Alimentazione e buona salute

Il Global Burden of Disease Study (1) ha stimato per l'Italia - nel 2010 - un carico di malattia di circa 14.318.000 DALY, cioè anni di vita persi o per morte o per disabilità precoci, causati da (o strettamente connessi a) malattie non trasmissibili. Il 41,8% di questi anni è attribuibile a fattori di rischio modificabili attraverso miglioramenti della dieta (relativi a ipertensione, iperglicemia, ipercolesterolemia, elevato BMI oltre alla dieta stessa). L'alimentazione scorretta pertanto è una delle principali cause di malattie e morte precoce in Italia.

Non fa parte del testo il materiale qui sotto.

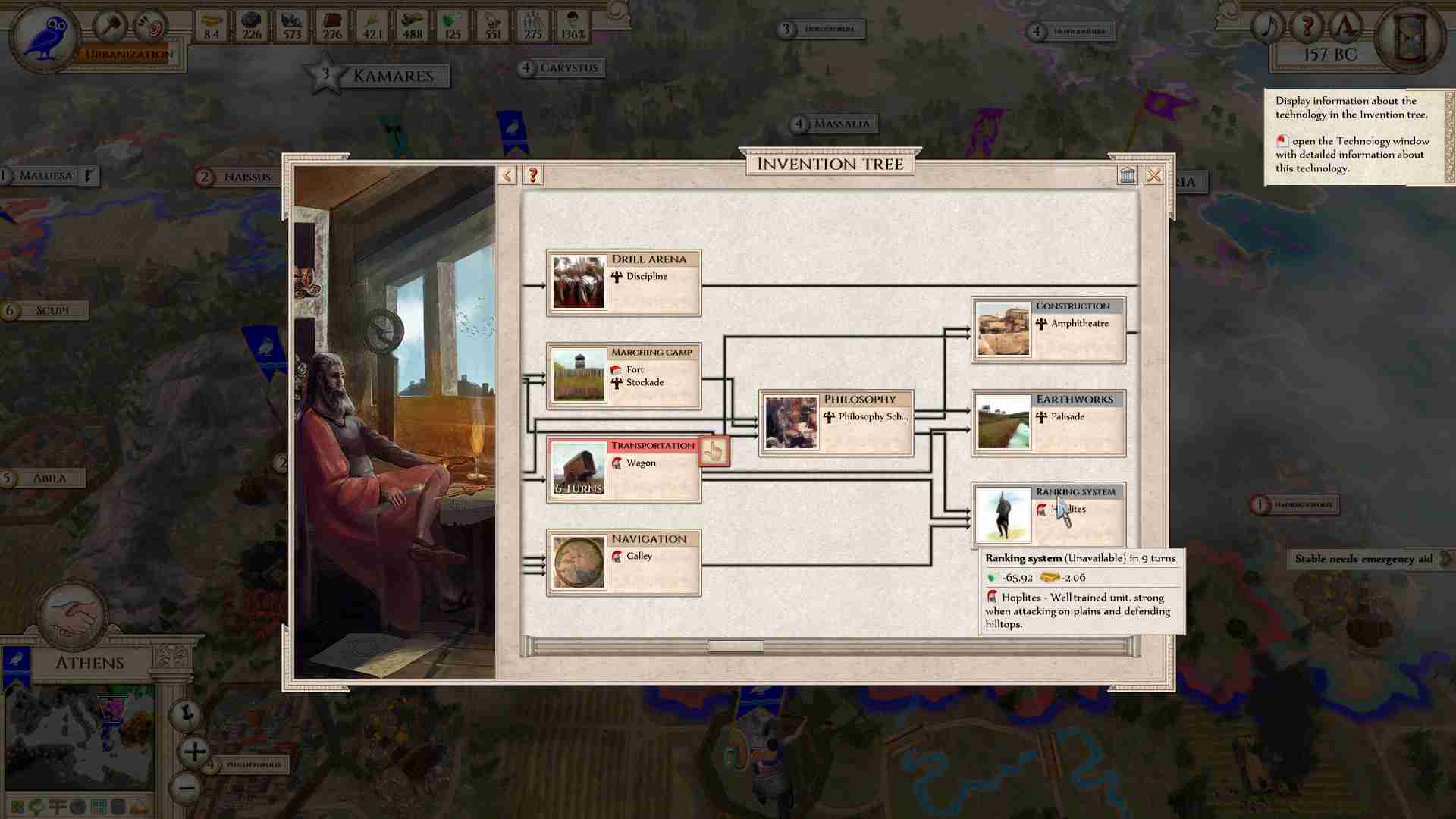Comme dans la plupart des jeux du style, c’est la carte qui fait tout. Ici on a le choix entre en générer une au hasard ou utiliser celle de la méditerranée (la seule qui vous permettra de débloquer les achievements steam et qui a un intérêt historique), une fois fait il restera à sélectionner votre civilisation. Alors contrairement au jeu éponyme chaque civilisation n’a qu’une réelle différence majeure (outre sa couleur et ses objectifs) qui n’est autre que son emplacement de départ. Cela en décevra plus d’un mais il y’a en fait assez peu d’éléments historiques qui permettent d’enrichir nos connaissances ou de raviver nos désirs de combats sans merci entre une armée d’hoplites aux légions romaines. C’est possible bien sûr mais ça ne vous sera pas réservé car bien que le niveau technologique varie, chaque civilisation a la possibilité de produire tous les types d’unités.
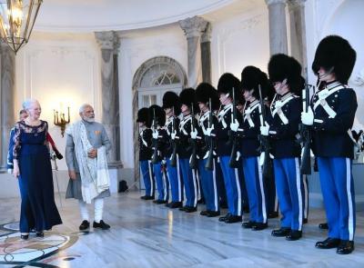 पंतप्रधान नरेंद्र मोदींनी आपल्या तीन दिवसीय युरोप दौऱ्यादरम्यान, मंगळवारी डेन्मार्कला भेट दिली. तेथे त्यांनी आपले समकक्ष असलेल्या पंतप्रधान मेटे फ्रेडरिक्सन यांची भेट घेऊन अनेक महत्त्वाच्या मुद्द्यांवर चर्चा केली. त्यानंतर मोदींनी कोपनहेगन येथे किंग्डम ऑफ डेन्मार्कच्या महाराणी मार्गारेट द्वितीय यांची भेट घेतली. यावेळी महाराणींनी पंतप्रधान नरेंद्र मोदींचं थाटात स्वागत केलं.
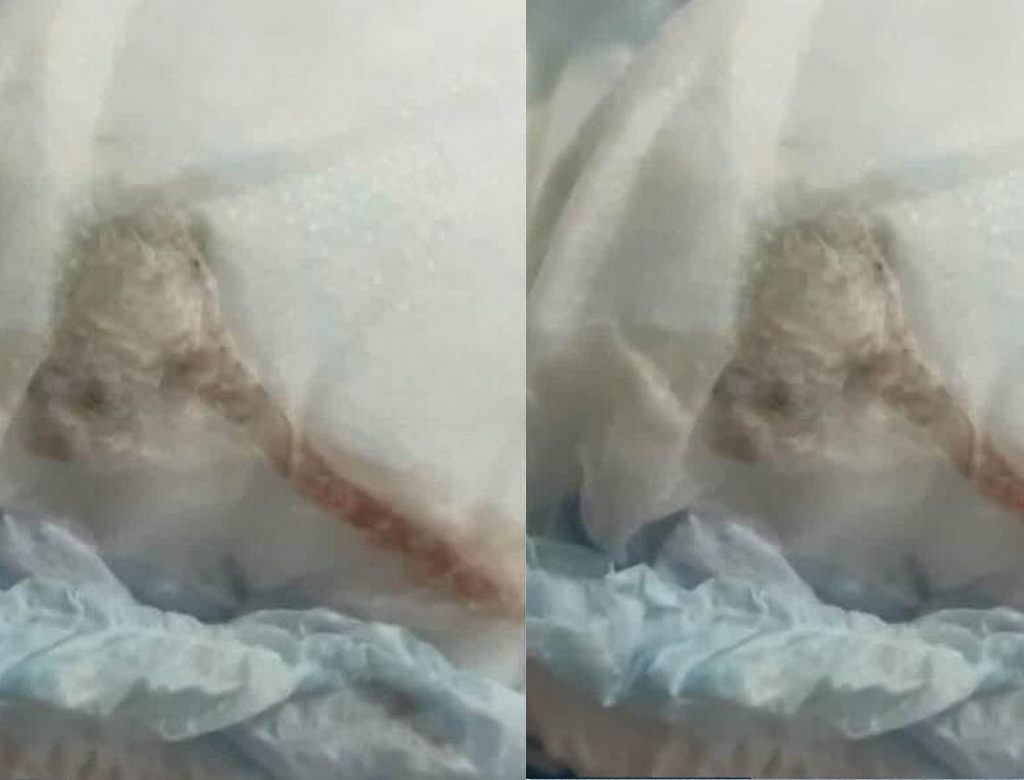 O pacote estava lacrado e havia sangue do animal na aba lateral da fralda, o que indica que o problema veio da fábrica. Desesperada, Mariana limpou o bebê com álcool 70 e ligou para o SAC da empresa.

Di alimentazione e salute si è parlato anche a fine ottobre all'ultimo congresso dell'Associazione Italiana di Epidemiologia (AIE) dove si è voluto esaminare il contributo dell'epidemiologia allo studio della relazione fra alimentazione e salute, con uno sguardo anche al modo in cui le strategie di prevenzione possono inglobare e recepire le evidenze della ricerca.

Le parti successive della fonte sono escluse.